Senja dan Malam Dalam Diam

Zamzami Nurrohmat
Karya Zamzami Nurrohmat Kategori Psikologi
dipublikasikan 06 Maret 2016
Senja dan Malam Dalam Diam

Langit senja dan sepenggal cerita.
Kuningmu masih tetap hadir, tepat setelah hujan reda.
Regu burung bersahutan, namun tak menari di antara awan.

Kisah yang enggan aku ceritakan, terkecuali bintang dan senja hadir di pagi hari.
Bersama gerimis yang tipis, lantutan pujian menyembah Sang Hyang.

Terdiam, bersanding gelas plastik bercerita kopi yang asik.
Sendu yang seharusnya menderu, ku redam dalam dalam.
Bahkan, air yang tenggelam ke dalam tanah pun tampak tak berdaya.

Arti kehilangan, hanya jelas dirasakan jika ku merasa memiliki senja namun segera direbut malam.

Sedetik ku teguk kopi
Sengaja, sedikit demi sedikit.
Agar aku punya durasi yang lama untuk menikmati senja.
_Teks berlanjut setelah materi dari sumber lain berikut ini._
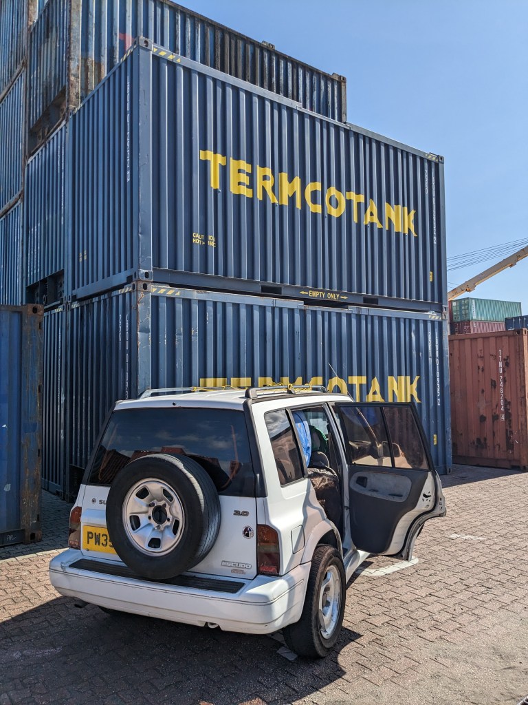 We worked hard all weekend, and by Monday morning we were ready to deliver our barrels to the port in St George’s. And then we got stuck. We couldn’t do anything until Tropical approved our paperwork, assigned us a container scheduled for that ship, and arranged for someone to meet us at the port. We waited… And waited.. and started calling them about every three hours. Nothing happened on Monday. Or on Tuesday morning. Remember we’d been given a 3pm Tuesday deadline? Finally we called Alana at Phenomenal and she called Tropical and finally we could proceed

Tidak, senja bukan lagi milikku.
Malam datang sebagai penyelamat.
Bukan sebagai bangsat yang merebut nikmat.

Malam, jaga dan sayangi senja ku.
Hingga suatu hari nanti.
Ku datang menjemputnya.
Tidak juga dengan cara merebut.

Aku lebih suka diam dan menikmati.
Itu pun jika di depan ku masih terpajang kopi.